──────── WORKING DATA ────────
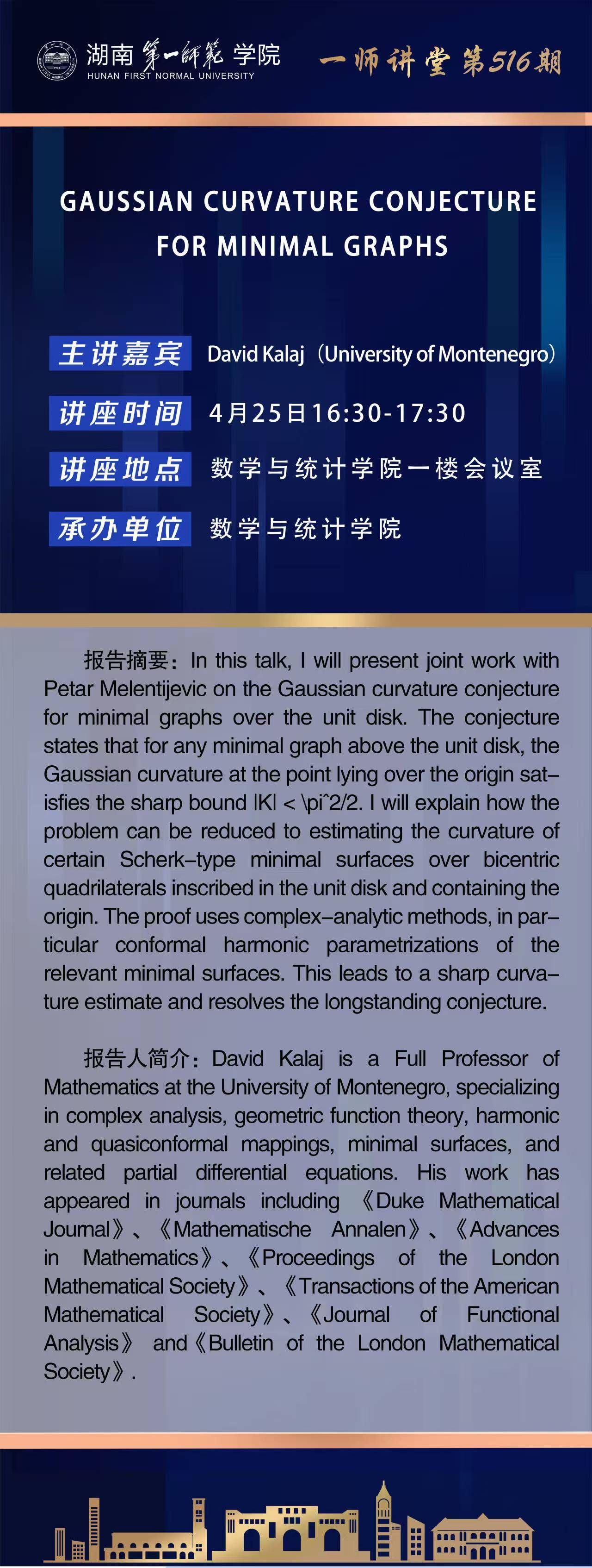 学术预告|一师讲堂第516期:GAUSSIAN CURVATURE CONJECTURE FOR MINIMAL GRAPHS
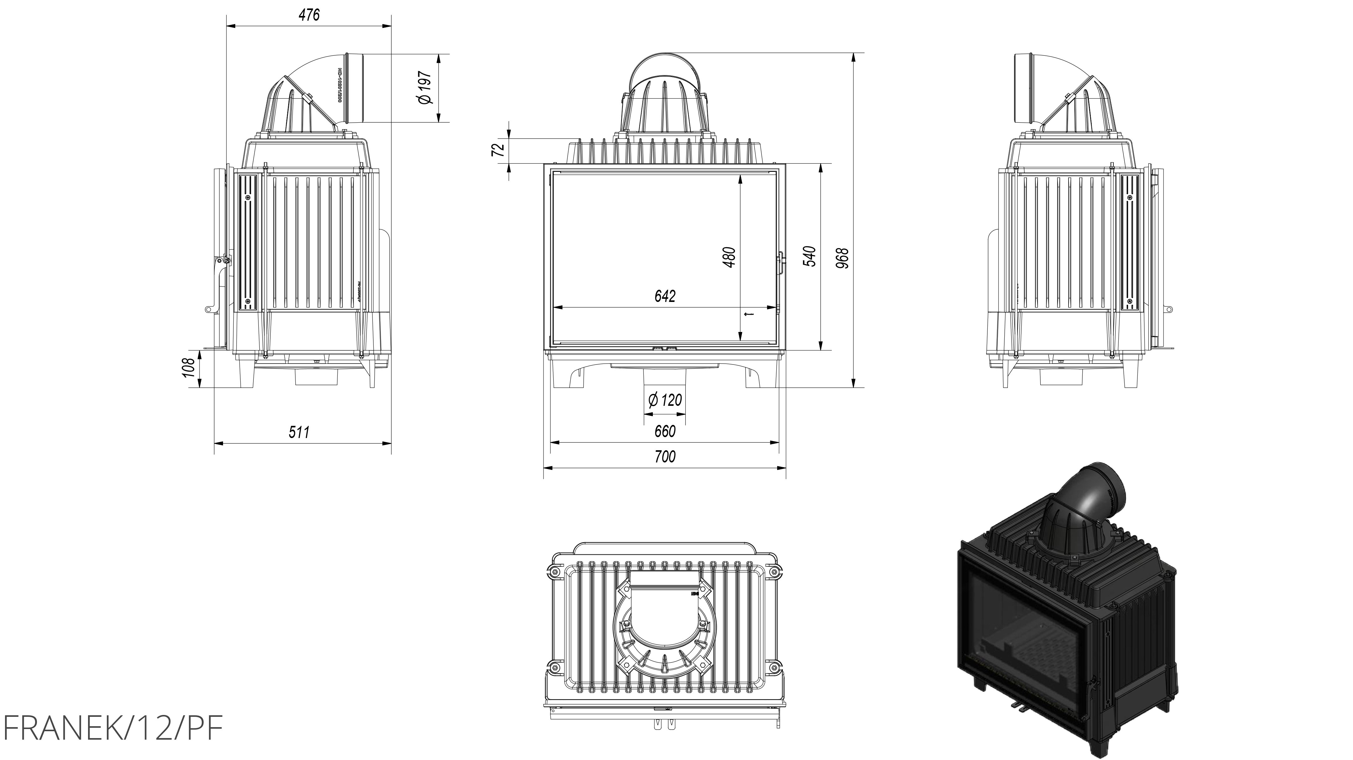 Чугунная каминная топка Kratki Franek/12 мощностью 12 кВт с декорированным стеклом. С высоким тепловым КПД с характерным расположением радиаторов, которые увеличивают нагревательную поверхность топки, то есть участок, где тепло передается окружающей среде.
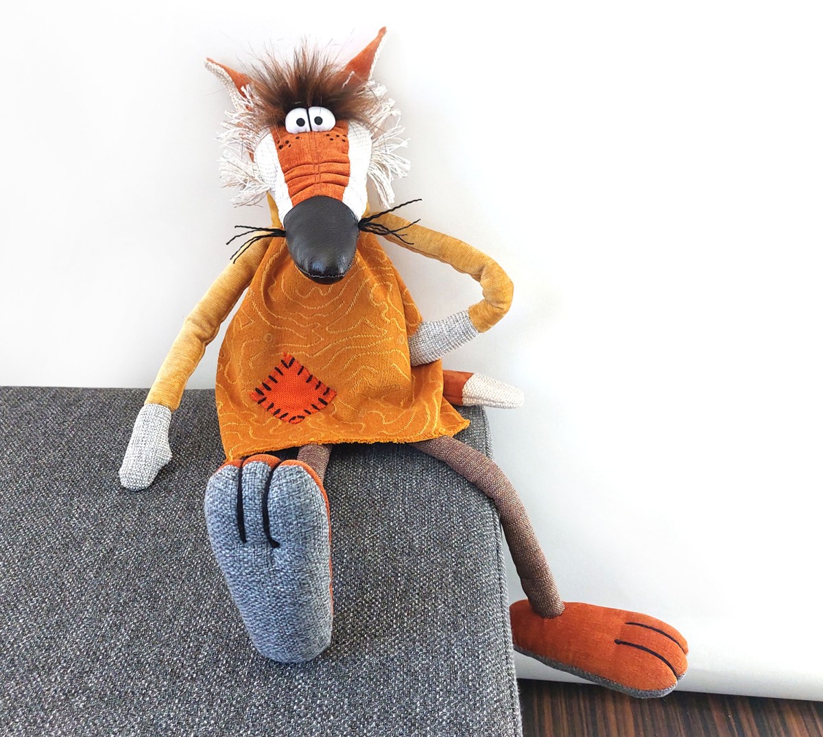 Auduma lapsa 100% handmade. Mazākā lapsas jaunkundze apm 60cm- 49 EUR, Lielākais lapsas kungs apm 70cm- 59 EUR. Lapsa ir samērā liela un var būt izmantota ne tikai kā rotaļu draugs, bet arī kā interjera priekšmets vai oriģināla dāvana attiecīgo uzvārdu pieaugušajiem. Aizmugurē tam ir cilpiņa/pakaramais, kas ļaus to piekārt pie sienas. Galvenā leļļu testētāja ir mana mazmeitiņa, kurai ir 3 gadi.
────────
──────── WORKING DATA ────────
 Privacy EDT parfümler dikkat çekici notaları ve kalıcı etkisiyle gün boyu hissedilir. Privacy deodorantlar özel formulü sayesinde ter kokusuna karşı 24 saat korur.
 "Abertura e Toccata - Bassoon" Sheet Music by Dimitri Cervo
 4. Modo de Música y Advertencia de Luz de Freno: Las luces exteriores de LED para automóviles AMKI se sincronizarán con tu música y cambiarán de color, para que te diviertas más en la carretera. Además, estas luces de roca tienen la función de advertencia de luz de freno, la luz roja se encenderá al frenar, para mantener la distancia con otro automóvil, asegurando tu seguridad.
────────
──────── WORKING DATA ────────
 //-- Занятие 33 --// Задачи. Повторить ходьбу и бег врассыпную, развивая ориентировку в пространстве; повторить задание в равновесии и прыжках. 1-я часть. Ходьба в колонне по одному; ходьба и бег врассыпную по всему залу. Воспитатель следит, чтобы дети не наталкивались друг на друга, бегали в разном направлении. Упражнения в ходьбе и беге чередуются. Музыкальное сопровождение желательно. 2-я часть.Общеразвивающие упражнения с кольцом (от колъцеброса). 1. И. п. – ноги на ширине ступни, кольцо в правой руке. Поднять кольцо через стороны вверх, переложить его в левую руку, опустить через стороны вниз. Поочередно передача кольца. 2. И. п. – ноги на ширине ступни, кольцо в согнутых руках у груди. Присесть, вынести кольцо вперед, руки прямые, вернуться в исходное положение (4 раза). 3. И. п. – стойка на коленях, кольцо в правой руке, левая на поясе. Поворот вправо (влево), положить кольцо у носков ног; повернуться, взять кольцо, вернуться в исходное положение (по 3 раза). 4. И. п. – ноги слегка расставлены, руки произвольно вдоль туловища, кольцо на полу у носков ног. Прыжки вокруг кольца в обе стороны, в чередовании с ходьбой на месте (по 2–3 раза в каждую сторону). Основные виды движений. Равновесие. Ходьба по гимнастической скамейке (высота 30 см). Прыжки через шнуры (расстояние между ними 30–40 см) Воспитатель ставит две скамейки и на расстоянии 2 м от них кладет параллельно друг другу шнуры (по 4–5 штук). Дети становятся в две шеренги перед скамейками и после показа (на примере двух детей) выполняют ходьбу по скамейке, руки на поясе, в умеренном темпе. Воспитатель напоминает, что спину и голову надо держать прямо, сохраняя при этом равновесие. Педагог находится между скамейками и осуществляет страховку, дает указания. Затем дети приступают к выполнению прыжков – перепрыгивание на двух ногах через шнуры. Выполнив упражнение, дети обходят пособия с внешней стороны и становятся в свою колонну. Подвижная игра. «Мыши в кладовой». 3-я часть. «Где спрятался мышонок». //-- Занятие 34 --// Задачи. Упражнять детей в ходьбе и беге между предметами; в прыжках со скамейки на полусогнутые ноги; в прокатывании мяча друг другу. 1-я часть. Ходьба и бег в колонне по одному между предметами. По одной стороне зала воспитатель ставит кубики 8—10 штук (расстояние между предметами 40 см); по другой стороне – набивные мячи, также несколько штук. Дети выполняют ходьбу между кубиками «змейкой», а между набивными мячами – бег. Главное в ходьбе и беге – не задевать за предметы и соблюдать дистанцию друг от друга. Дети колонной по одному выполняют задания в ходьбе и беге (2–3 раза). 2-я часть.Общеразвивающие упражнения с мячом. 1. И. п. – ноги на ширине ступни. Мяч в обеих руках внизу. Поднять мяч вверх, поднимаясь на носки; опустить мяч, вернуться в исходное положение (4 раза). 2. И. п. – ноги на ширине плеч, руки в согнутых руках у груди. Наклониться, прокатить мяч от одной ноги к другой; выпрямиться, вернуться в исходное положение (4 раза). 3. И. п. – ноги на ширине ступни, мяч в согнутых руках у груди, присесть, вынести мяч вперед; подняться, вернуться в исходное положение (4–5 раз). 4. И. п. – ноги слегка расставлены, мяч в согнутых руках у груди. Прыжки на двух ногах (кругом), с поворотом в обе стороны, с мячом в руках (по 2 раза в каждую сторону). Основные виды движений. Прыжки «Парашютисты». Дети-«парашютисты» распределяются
────────
** PROBLEM DESCRIPTION **
Whatever pictures the records hold, omit them; give again exactly the lines from the one containing "学术预告|一师讲堂第516期:GAUSSIAN CURVATURE CONJECTURE" through the one containing "Auduma lapsa 100%".

** EXPECTED ANSWER **
 学术预告|一师讲堂第516期:GAUSSIAN CURVATURE CONJECTURE FOR MINIMAL GRAPHS
 Чугунная каминная топка Kratki Franek/12 мощностью 12 кВт с декорированным стеклом. С высоким тепловым КПД с характерным расположением радиаторов, которые увеличивают нагревательную поверхность топки, то есть участок, где тепло передается окружающей среде.
 Auduma lapsa 100% handmade. Mazākā lapsas jaunkundze apm 60cm- 49 EUR, Lielākais lapsas kungs apm 70cm- 59 EUR. Lapsa ir samērā liela un var būt izmantota ne tikai kā rotaļu draugs, bet arī kā interjera priekšmets vai oriģināla dāvana attiecīgo uzvārdu pieaugušajiem. Aizmugurē tam ir cilpiņa/pakaramais, kas ļaus to piekārt pie sienas. Galvenā leļļu testētāja ir mana mazmeitiņa, kurai ir 3 gadi.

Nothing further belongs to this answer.